The 2026 Ottawa Redblacks season is the 12th season for the team since re-entering the Canadian Football League in 2014. The Redblacks were eliminated from playoff contention following their loss to the Toronto Argonauts and wins by the Winnipeg Blue Bombers and BC Lions in week 15. This was the second straight year and sixth instance in the last seven seasons that the team did not qualify for the post-season.

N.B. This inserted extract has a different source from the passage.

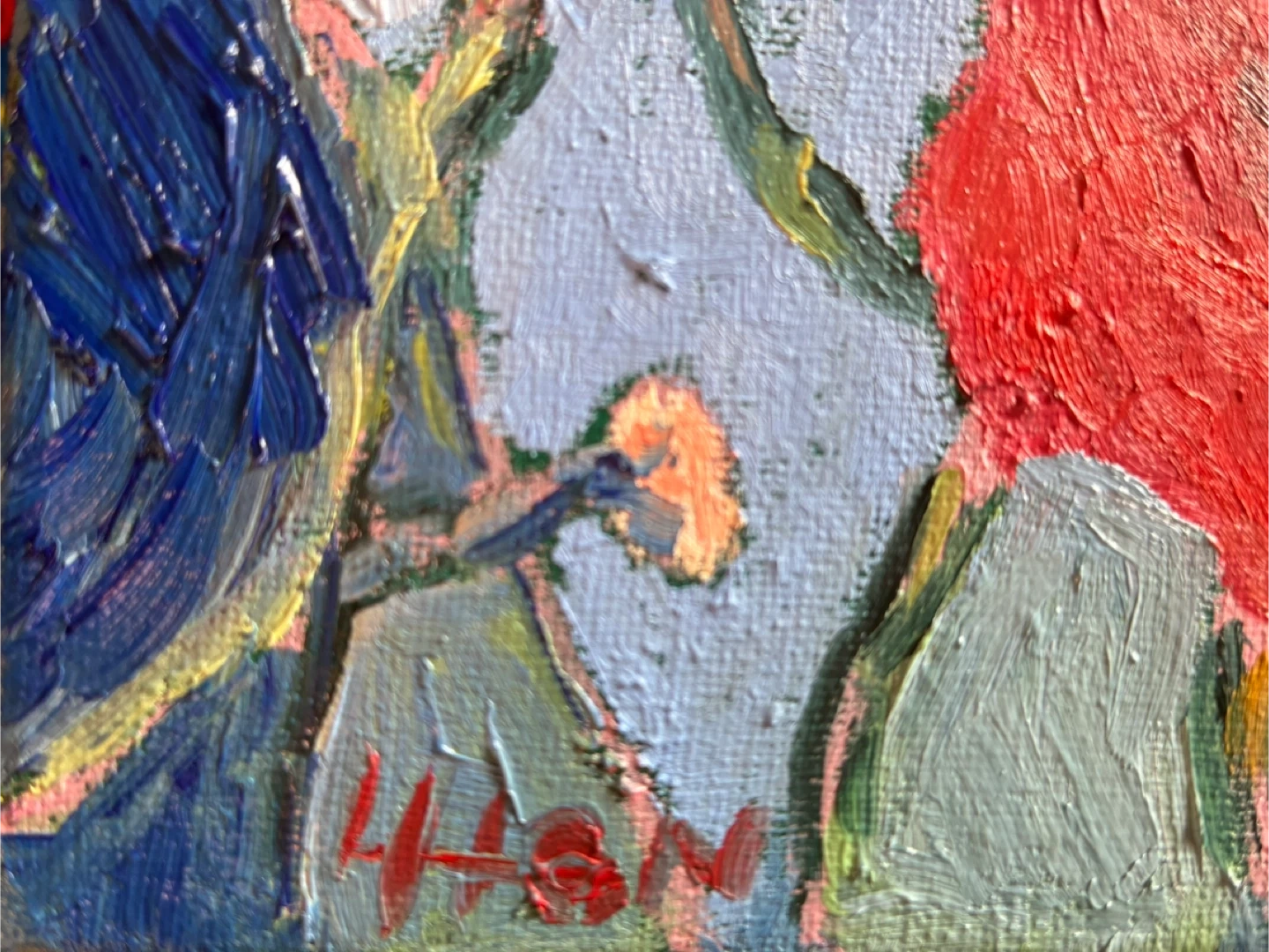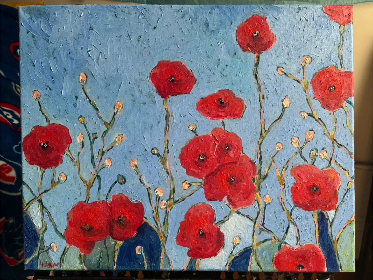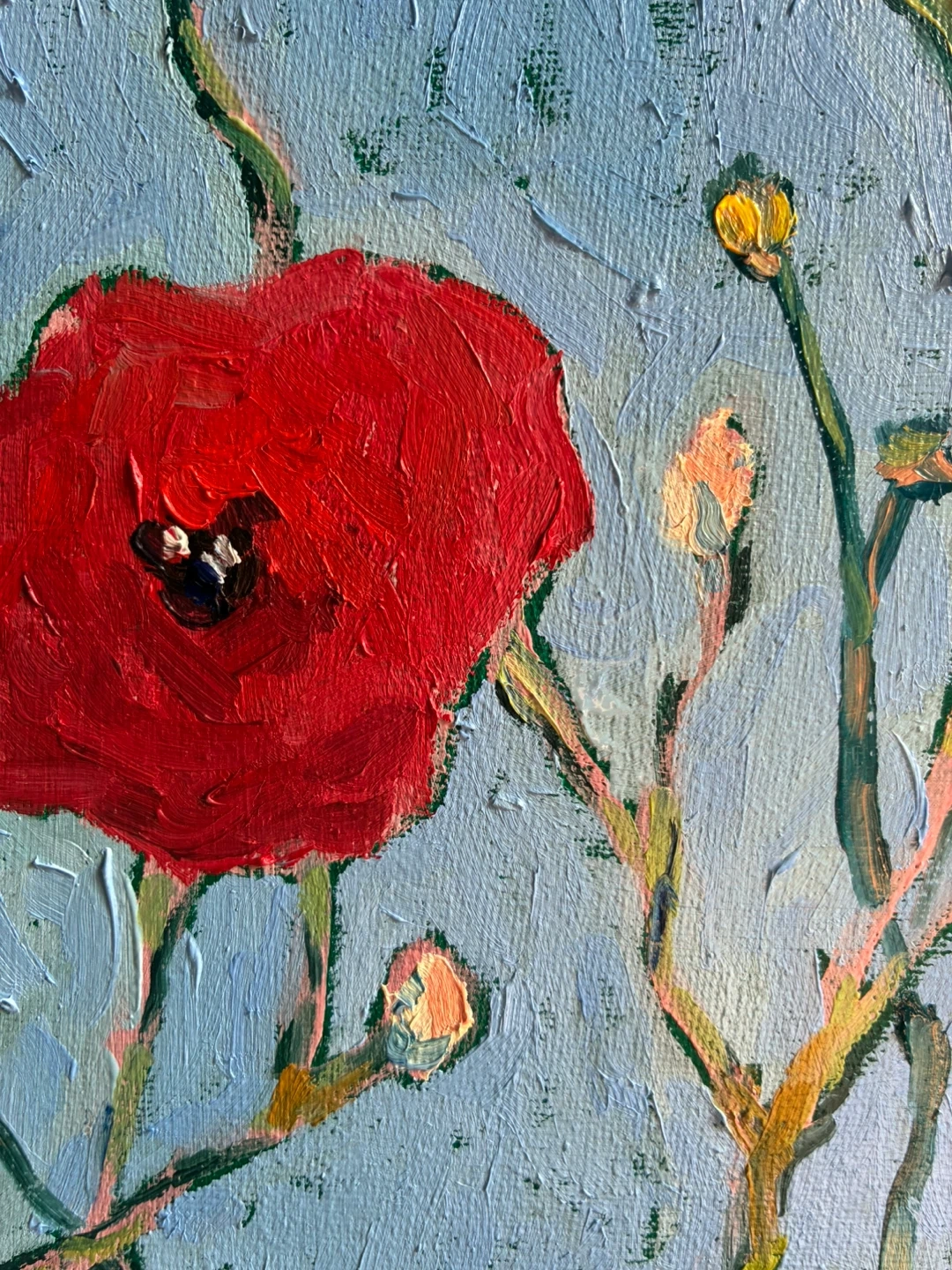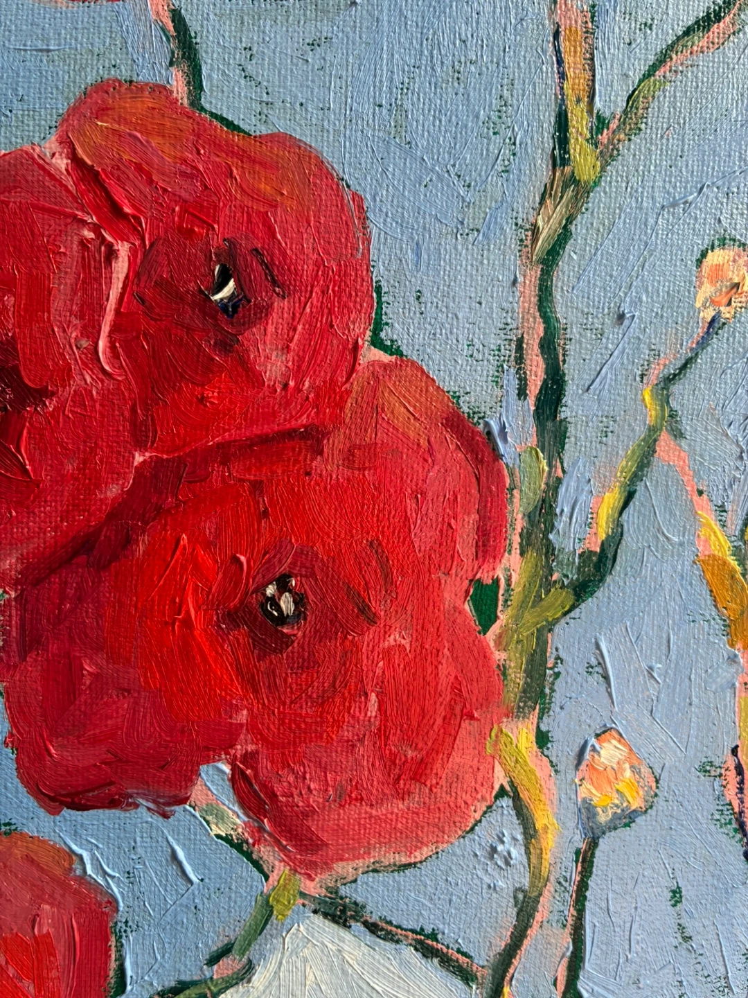 Original oil painting of red poppies on canvas. The painting features vibrant red flowers against a light blue background. It would make a lovely addition to any room!

The 2026 CFL season is the first for Ryan Dinwiddie as the team's head coach and general manager after Bob Dyce was relieved of his coaching duties following the 2025 season and former general manager, Shawn Burke, was promoted to vice president of football operations. Amid a prolonged losing streak, team president, Adrian Sciarra, was removed from his position on August 17, 2026. Further changes were announced on August 23, 2026, as the team stated that Burke had also been relieved of his duties.

After a 21–33 loss against the Winnipeg Blue Bombers on August 14, the Redblacks surpassed the 1994 Shreveport Pirates to hold the longest losing streak in CFL history at 15 losses, continuing the six-game losing streak that ended the 2025 season. The streak extended to 19 losses, becoming the second-longest losing streak in the Grey Cup era of Canadian football, behind only the 25 straight losses of the Ottawa Senators/Rough Riders from 1928 to 1932.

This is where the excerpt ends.